City law firm pushes staff to save more in pensions due to 'silent retirement crisis'
One of the City's largest employers is pushing its staff to save more into their pensions amid concerns they will not be able to fund their retirement.
Law firm Herbert Smith Freehills has increased its pension contributions from 8pc to 12pc in a bid to ensure workers save enough to meet basic everyday needs once they leave work.
It means lawyers and business support staff will have to contribute 5pc of their salary to their pension, up from 3pc. The firm is also lifting its employer contribution from 5pc to 7pc.
All new workers are automatically enrolled into the new pension scheme, while existing employees will be encouraged to opt in.
However, employees are allowed to voluntarily increase or reduce contributions as their individual priorities and commitments change over time, the firm said.
Last year, Herbert Smith Freehills handed on average £1.16m of profits to each equity partner. Meanwhile, newly qualified solicitors in London are paid a base salary of £120,000.

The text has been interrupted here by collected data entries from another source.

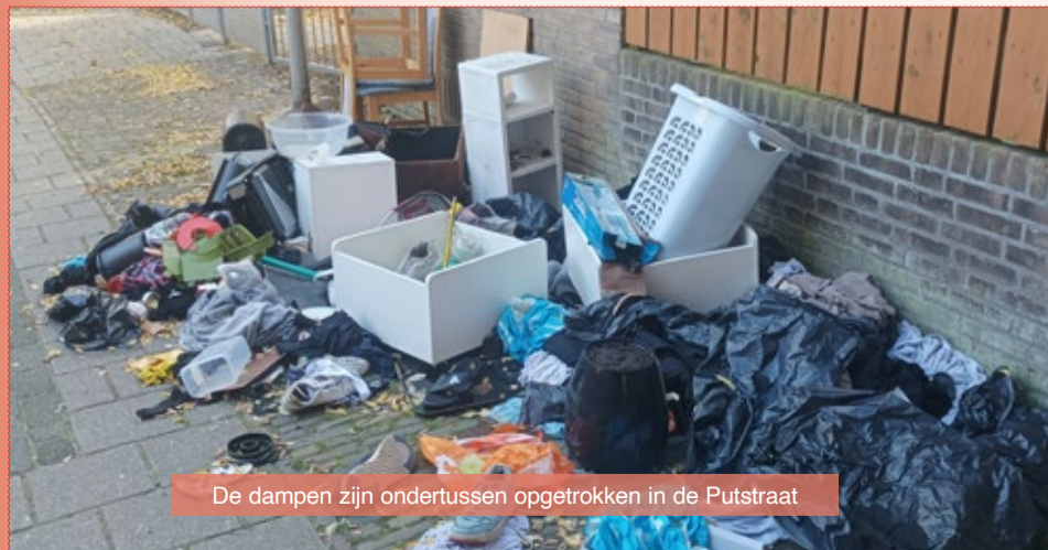
De dampen zijn ondertussen opgetrokken in de Putstraat

Nu de dampen zijn opgetrokken, rest er een verdrietig onderbuikgevoel gelardeerd met een vertrouwd vleugje putlucht. Gelukkig is buurman er ook nog steeds.
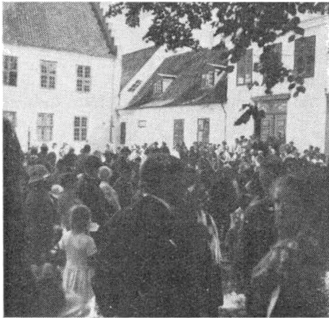
Fra Sommerstævnet paa Nr. Vosborg.
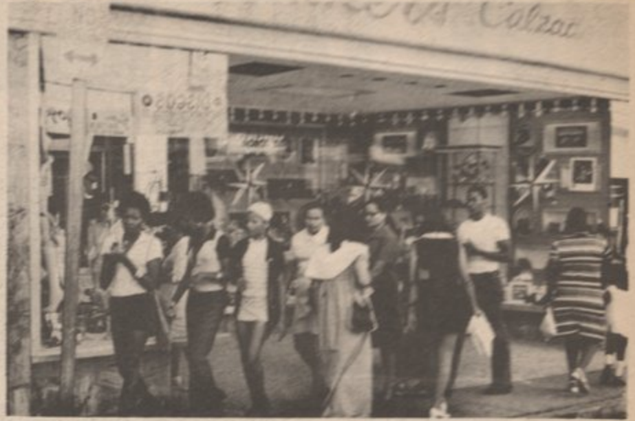
WHILE THE PEOPLE SUFFER UNEMPLOYMENT THE RICH EAT WELL

recent demonstration in Arecibo sponsored by the PPD, hernandez colon said his party (PPD) will not win the elections in the manner that the
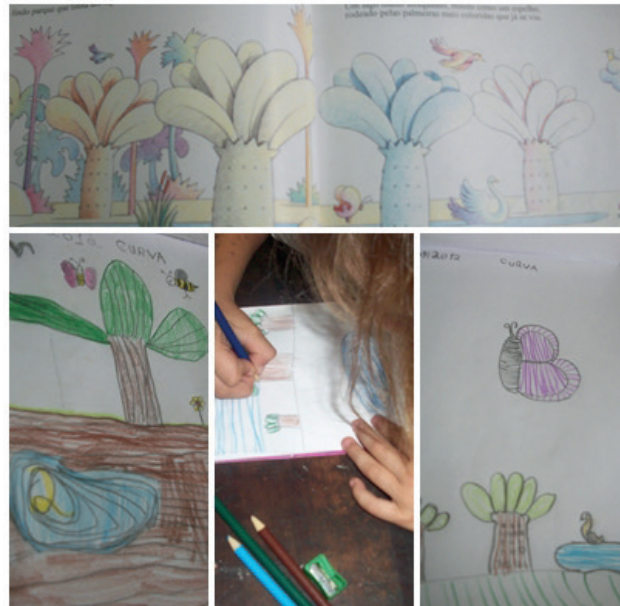
Figura 3: Produção dos alunos: linha, curva e a flor amarela

Após, a aula de campo, foi produzido com os alunos um trabalho prático, no qual os alunos que participaram da aula de desenho criativo ilustraram a atividade, e foi introduzido o conceito histórico sobre a técnica (linha e curva).

The pensions change meant Herbert Smith Freehills became the first law firm to become an accredited ‘Living Pension’ employer, awarded by the Living Wage Foundation.
The standard is appointed to employers which meet voluntary savings targets, independently calculated using a basket of household goods and services, as well as the UK’s Minimum Income Standard.
Other organisations signing up to the initiative include insurers Phoenix Group and Aviva, charity Good Things Foundation, investment company Wealthify and campaign group Citizens UK.
“Being a responsible employer is about more than ensuring staff are looked after whilst they work for you; it is about recognising that providing employees with stability and security in retirement is just as important,” said Alison Brown, executive partner at Herbert Smith Freehills.
It follows warnings from Blackrock boss Larry Fink that the world is sleep walking into a “silent” retirement crisis as people live longer.
The chief executive stressed last week that ageing populations and lower birth rates will make affording retirement more challenging.
Retired people will be forced to spend more on healthcare and housing as shrinking tax bases make generous state pensions less affordable, he warned in his annual letter to investors.
Last month, the Institute for Fiscal Studies found that fewer than one-in-a-hundred private sector employees are actively boosting their pension contributions when they receive a 10pc pay rise.